KONDA, son 5 seçimdir sandıktan çıkan sonuçları en yakın bilen araştırmalar yaptı. Onun genel müdürü Bekir Ağırdır, “AKP oylarının yüzde 30 indiğini” açıkladı.

Su kaynıyor.

Çayın altı açık.

Buhara döndüğü gün fark edeceğiz demiş. İktidar partisi AKP ve onun lideri Erdoğan, bütün gücünü halktan alarak bugünlere geldi. Halkın yarısından çok fazlası arkasında durduğu için “Demokrasi halkın istediği yere kadar...” modelini geliştirdi.

Halkın desteğiyle!

At alındı.

Üsküdar geçildi.

Meclis, adalet, hükümet, parti, ordu, polis (bugünlerde de bekçi), merkez bankası, devlet ve özel bankalar, holdingler, müteahhitler, gazeteler, televizyonlar, üniversiteler, din ve diyanet, muhtarlar, kaymakamlar ve valiler ne kadar güç varsa tek adamda toplayan ve adı “Cumhurbaşkanlığı Hükümet Sistemi” konulan bu çağ dışı model “halk istiyor ben yapıyorum... Ben halkım...” temel anlayışına dayandırıldı. Libya’da Kaddafi, buna benzer bir model geliştirmiş ve “Yeşil Kitap” adında bir kitap yazarak modelini anlatmıştı. Çin’de de açların, yoksulların ve köylülerin ayaklanmasıyla iktidara gelen Mao, “halkın istediği yere kadar sosyalizm” diyen benzer bir model geliştirmiş ve “Kızıl Kitap” yazmıştı.

Erdoğan’ın kitabı yok.

Efsanesi vardı.

Kitabını yazamadan!

Efsanesi eridi.

Desteği yüzde 30 indi.

★★★

Tabanı buharlaşıyor.

Ona inanan, güvenen, her sözüne doğrudur diyen, “uzaya köprü dikeceğiz” projesi yapsa zerre şüphe duymayan kemik oyları hızla eriyor.
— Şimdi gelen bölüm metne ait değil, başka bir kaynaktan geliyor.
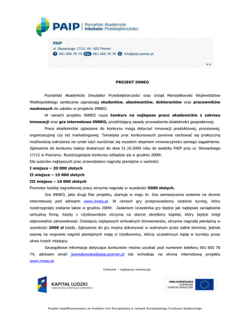 PROJEKT INNEO Poznański Akademicki Inkubator Przedsiębiorczości oraz Urząd Marszałkowski Województwa Wielkopolskiego serdecznie zapraszają studentów, absolwentów, doktorantów oraz pracowników naukowych do udziału w projekcie INNEO. W ramach projektu INNEO rusza konkurs na najlepsze prace akademickie z zakresu innowacji oraz gra internetowa INNEO, przybliżającą zasady prowadzenia działalności gospodarczej. Prace akademickie zgłaszane do konkursu mogą dotyczyć innowacji produktowej, procesowej, organizacyjnej czy też marketingowej. Tematyka prac konkursowych powinna cechować się praktyczną możliwością wdrożenia na rynek lub/i wyróżniać się wysokim stopniem innowacyjności samego zagadnienia. Zgłoszenie do konkursu należy dostarczyć do dnia 31.10.2009 roku do siedziby PAIP przy ul. Słowackiego 17/12 w Poznaniu. Rozstrzygnięcie konkursu odbędzie się w grudniu 2009r. Dla autorów najlepszych prac przewidziano nagrody pieniężne o wartości: I miejsce – 20 000 złotych II miejsce – 15 000 złotych III miejsce – 10 000 złotych Promotor każdej nagrodzonej pracy otrzyma nagrodę w wysokości 5000 złotych. Gra INNEO, jako drugi filar projektu, startuje w maju br. Gra zamieszczona zostanie na stronie internetowej pod adresem www.inneo.pl. W ramach gry przeprowadzony zostanie turniej, który rozstrzygnięty zostanie także w grudniu 2009r. Zadaniem Uczestnika gry będzie jak najlepsze zarządzanie wirtualną firmą. Każdy z Użytkowników otrzyma na starcie określony kapitał, który będzie mógł odpowiednio zainwestować. Dziesięciu najlepszych wirtualnych biznesmenów, otrzyma nagrodę pieniężną w wysokości 2000 zł każdy. Zgłoszenie do gry można dokonywać w wybranym przez siebie terminie, jednak szansę na wygranie nagród pieniężnych mają ci Użytkownicy, którzy uczestniczyć będą w turnieju przez okres trzech miesięcy. Szczegółowe informacje dotyczące konkursów można uzyskać pod numerem telefonu 061 665 76 74, adresem email [email protected] lub wchodząc na stronę internetową projektu www.inneo.pl. Człowiek – najlepsza inwestycja Projekt współfinansowany ze środków Unii Europejskiej w ramach Europejskiego Funduszu Społecznego

Sevenleri “Erdoğan’dan umudu kesince” yakın buldukları MHP’ye geçiyorlardı. KONDA’nın yeni araştırmasına dayanarak Bekir Ağırdır, kemik oyların Erdoğan’ın gömleğinin altından çıkmış Ahmet Davutoğlu ile Ali Babacan’ın kurduğu yeni 2 partiye yöneldiğini söylüyor.

Ne demek bu?

Beklenmeyen oluyor.

Erdoğan’ın seçmeni, AKP’ye oy vermezse bile başka bir partiye gitmez, en fazla sandığa küser; Ali Babacan ile Ahmet Davutoğlu’nun ayrılışını “davaya darbe sayar” onların partisine oy vermeye eli asla gitmez diye bekleniyordu.

Tersi oluyor.

Kemik oyları Erdoğan’ın “adam yerine koymadığı” Davutoğlu ile Babacan’a meylediyorlar. Ali Babacan ile Ahmet Davutoğlu ne yapıyor, neler söylüyor, ne vaat ediyorlar da yıllarca Erdoğan’a bağlanmış insanlara “sevimli” görünüyorlar?

Onlar:

“Eski kirli çamaşır” dökücü.

Ahmet Davutoğlu:

“Beni kukla yapmak istedi”

“FETÖ’cü Dişliyi korudu”

Ali Babacan:

“İş Bankası’na el koyalım” dedi.

“Ranta ağırlık” verdi.

“Nepotizm” yaptı.

“Hısım-Akraba” kayırdı.

“Ekonomiyi krize soktu.”

Söyledikleri:

Hep eski kirli çamaşır.

★★★

Kemik oylar!

Çok gurur yaptın Reis!

Senden büyük Ali var.

Senden büyük Ahmet var.

Senden büyük Meral var.

Senden büyük Temel var.

Senden büyük Demirtaş var.

Ve hatta!

Senden büyük Kemal var.

Diyorlar.

Kemal Kılıçdaroğlu, şehit cenazesi kılmaya gittiğinde onu bir inek hırsızına dövdürmüşlerdi. İşte o şehit gencin kasket giymiş babası, Erdoğan’ı değil, Bahçeli’yi de değil Kemal’i ziyaret etti.

Rüzgar döndü.

Kemik erimesi hızlı!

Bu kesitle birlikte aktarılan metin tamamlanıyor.